• **INSTRUCTIONS TO FOLLOW**
Using the entries that follow, transcribe only the lines from the line with "Aurangzeb’s tomb is" to the line with "2023年三季度末,行业的保费增速,已经从上半年的13%降至11%。", both included, exactly as they stand and without pictures.

• **DATA EXTRACTS**
*** Block opens ***

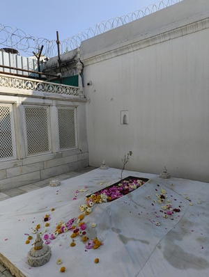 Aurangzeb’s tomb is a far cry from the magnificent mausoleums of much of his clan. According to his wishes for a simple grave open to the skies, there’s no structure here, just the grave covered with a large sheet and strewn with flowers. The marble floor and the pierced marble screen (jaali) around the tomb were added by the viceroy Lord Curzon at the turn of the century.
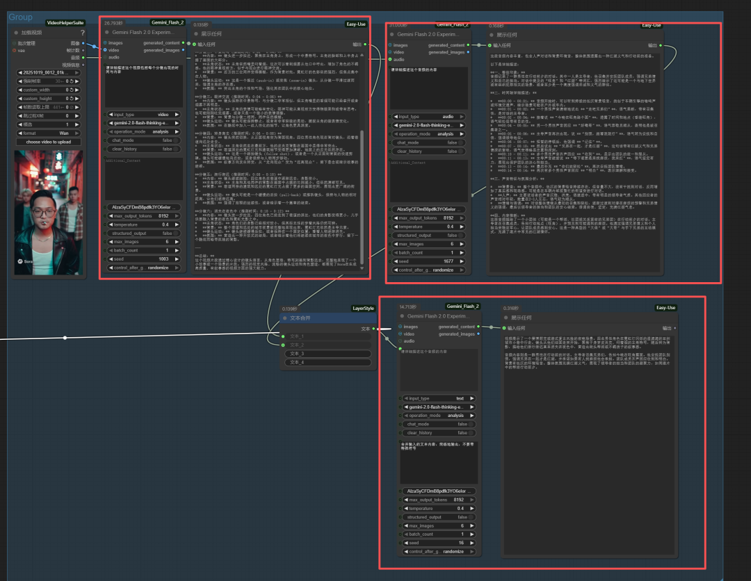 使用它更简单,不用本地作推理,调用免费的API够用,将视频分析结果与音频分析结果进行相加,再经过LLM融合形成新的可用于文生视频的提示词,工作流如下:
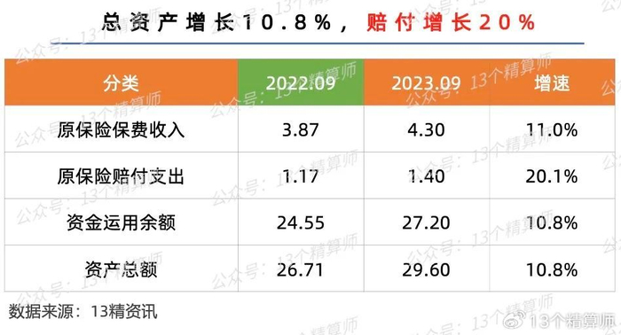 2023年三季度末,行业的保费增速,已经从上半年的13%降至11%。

*** Block closes ***
*** Block opens ***

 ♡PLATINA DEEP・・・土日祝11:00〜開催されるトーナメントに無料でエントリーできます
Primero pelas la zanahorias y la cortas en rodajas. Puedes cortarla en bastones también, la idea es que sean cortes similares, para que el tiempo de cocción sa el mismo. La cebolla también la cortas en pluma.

*** Block closes ***

• **RESULT OF THE EXERCISE**
 Aurangzeb’s tomb is a far cry from the magnificent mausoleums of much of his clan. According to his wishes for a simple grave open to the skies, there’s no structure here, just the grave covered with a large sheet and strewn with flowers. The marble floor and the pierced marble screen (jaali) around the tomb were added by the viceroy Lord Curzon at the turn of the century.
 使用它更简单,不用本地作推理,调用免费的API够用,将视频分析结果与音频分析结果进行相加,再经过LLM融合形成新的可用于文生视频的提示词,工作流如下:
 2023年三季度末,行业的保费增速,已经从上半年的13%降至11%。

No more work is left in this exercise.